= Kino FM (98.0 FM – Moscow) =

Кино́ FM (98 FM — 98 хито́в) /ru/, in English Kino FM (98 FM — 98 hits) was a Moscow music radio station broadcasting all day in FM at a frequency of 98.0 MHz. Kino FM - owned and operated by United Media (now ) of Vladimir Lisin - started broadcasting in 2007 as a thematic radio station dedicated to the film industry. In the beginning they used to transmit programmes with films information, programmes about cinema stars, film history and everything related to the world of cinema. The broadcast songs were about Russian and foreign films. On the night of 26–27 October 2008, the radio format changed, specially about music; then radio broadcasts were based on recent music of Russian and foreign artists or bands.
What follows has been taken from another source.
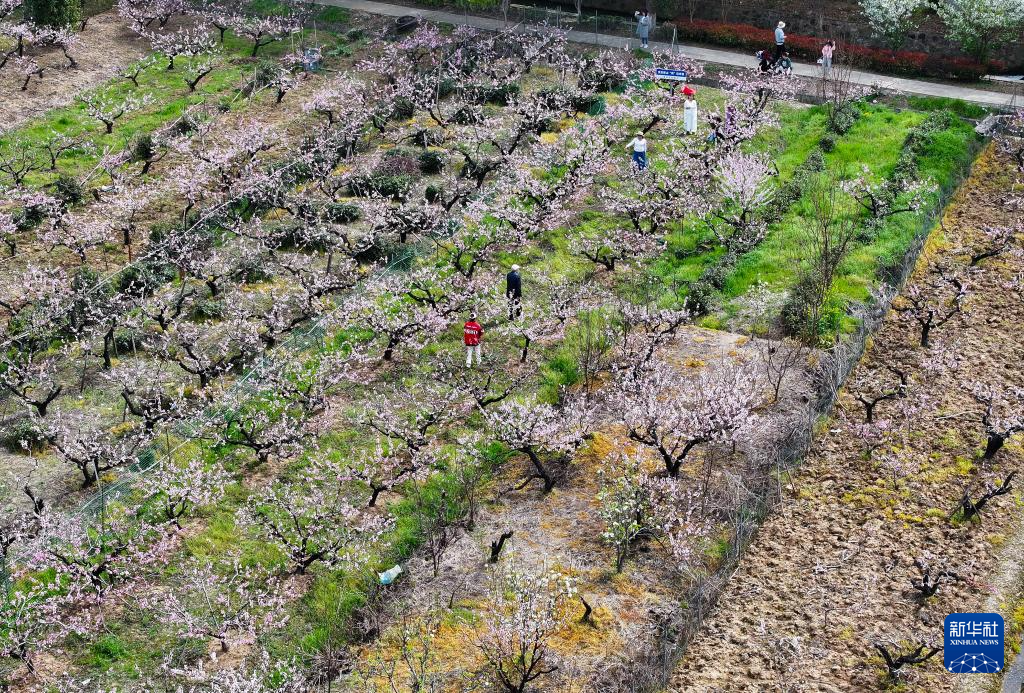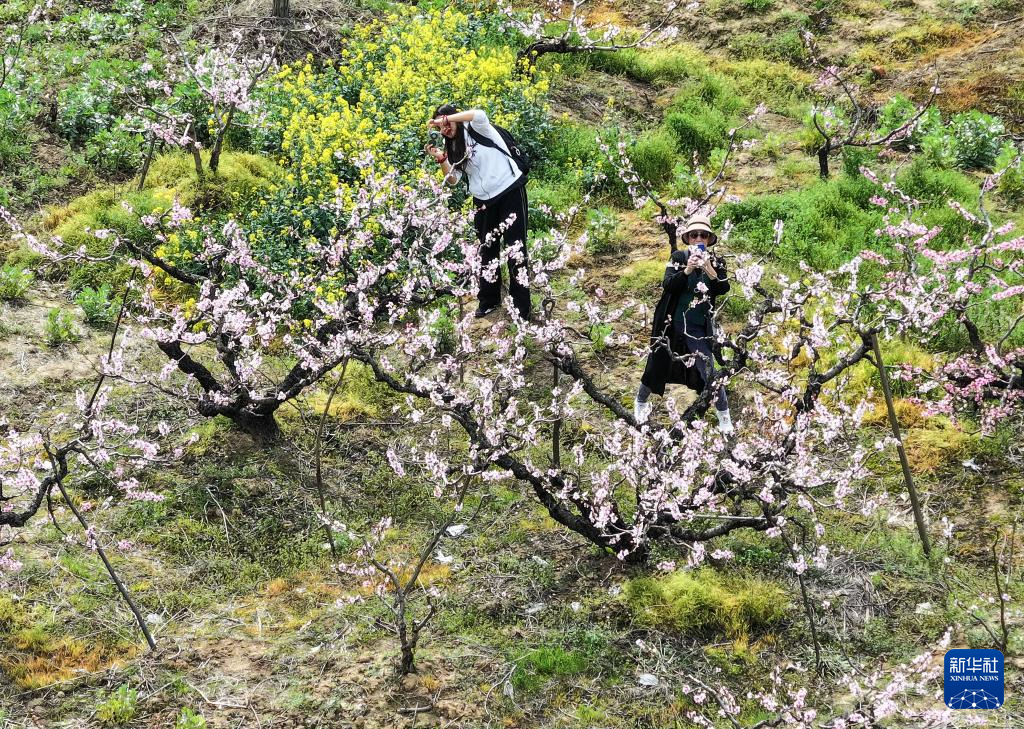 3月30日,游客在嶂山村赏花(无人机照片)。

Kino FM's last jingle was "98 FM - 98 Hits" but the official name of the station was the same as it was in the beginning - "Кино́ ФМ Москва́" (literally - "Cinema FM" of Moscow), which sounds in the late night jingle, in the beginning of the new day hours.

On 22 December the radio had its last transmission, changing at midnight on 23 December to broadcast as a new radio station, Radio Shokolad /ru/.

== Programmes ==
Besides music, there were thematic programmes with production of their own, at the 20th minute of each hour of broadcasting:
- «Исто́рии любви́» (Love Story)
- «Геогра́фия кино́» (Cinema's Geography)
- «Исто́рия кино́» (History of Cinema)
- «Путеше́ствия» (Travel)
- «Тест-драйв» ("Test-drive")
- «Рестора́нные но́вости». (Restaurant News)

=== Other minor programmes ===
At the 10th minute there was a small production, called "Автор жжёт" (/ru/, literally - Author burn), where a professional actor read the lyrics of a random Russian music song which was no longer broadcast.